WHAT IS REQUIRED:
Stop at the line that contains "近日,高淳区北岭路的一家药店内,工作人员正在分类整理新到货的感冒清热类药品。记者 段仁虎 摄". Until then, set down each line of the records exactly, beginning with the first, and skip pictures.

******************************

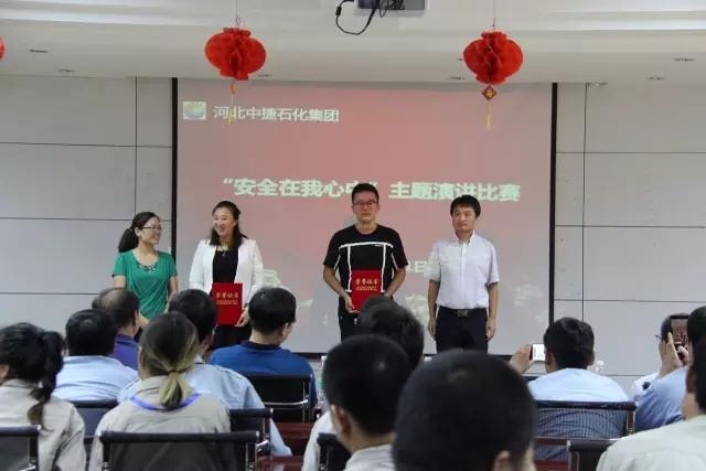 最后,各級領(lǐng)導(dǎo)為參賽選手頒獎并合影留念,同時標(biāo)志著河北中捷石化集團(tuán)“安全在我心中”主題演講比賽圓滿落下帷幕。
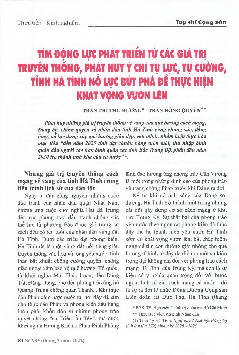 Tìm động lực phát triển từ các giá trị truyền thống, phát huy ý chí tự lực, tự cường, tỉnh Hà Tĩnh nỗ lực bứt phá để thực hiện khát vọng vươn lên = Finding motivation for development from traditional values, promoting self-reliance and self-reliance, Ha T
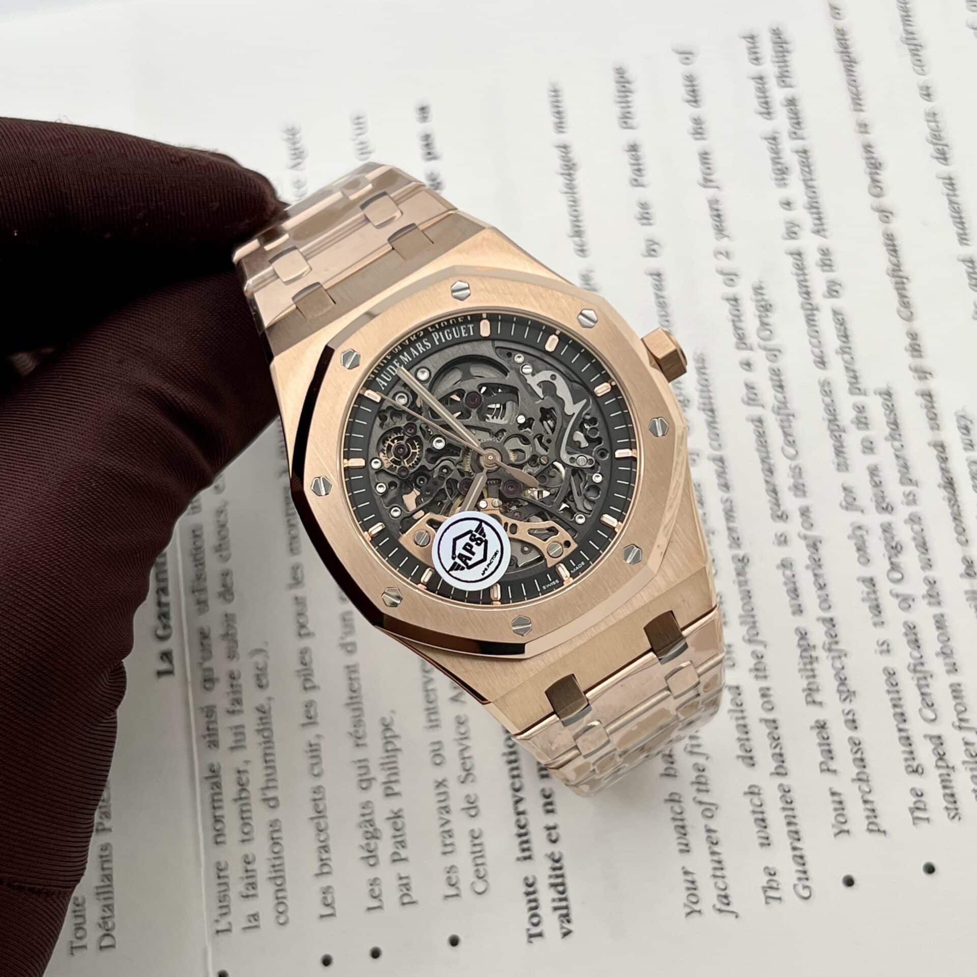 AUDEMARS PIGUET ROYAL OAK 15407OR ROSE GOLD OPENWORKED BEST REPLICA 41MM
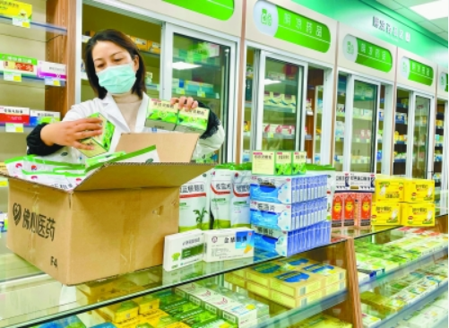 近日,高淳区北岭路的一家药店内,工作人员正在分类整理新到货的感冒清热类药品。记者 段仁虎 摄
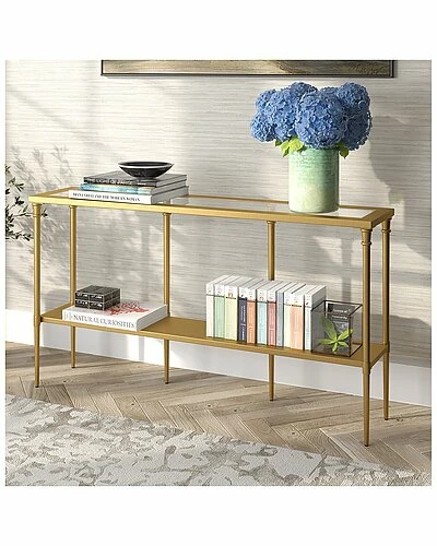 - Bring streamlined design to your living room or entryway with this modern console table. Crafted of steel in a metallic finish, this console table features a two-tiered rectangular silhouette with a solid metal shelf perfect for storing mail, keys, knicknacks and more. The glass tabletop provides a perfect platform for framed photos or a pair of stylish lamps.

******************************

TASK SOLUTION:
 最后,各級領(lǐng)導(dǎo)為參賽選手頒獎并合影留念,同時標(biāo)志著河北中捷石化集團(tuán)“安全在我心中”主題演講比賽圓滿落下帷幕。
 Tìm động lực phát triển từ các giá trị truyền thống, phát huy ý chí tự lực, tự cường, tỉnh Hà Tĩnh nỗ lực bứt phá để thực hiện khát vọng vươn lên = Finding motivation for development from traditional values, promoting self-reliance and self-reliance, Ha T
 AUDEMARS PIGUET ROYAL OAK 15407OR ROSE GOLD OPENWORKED BEST REPLICA 41MM
 近日,高淳区北岭路的一家药店内,工作人员正在分类整理新到货的感冒清热类药品。记者 段仁虎 摄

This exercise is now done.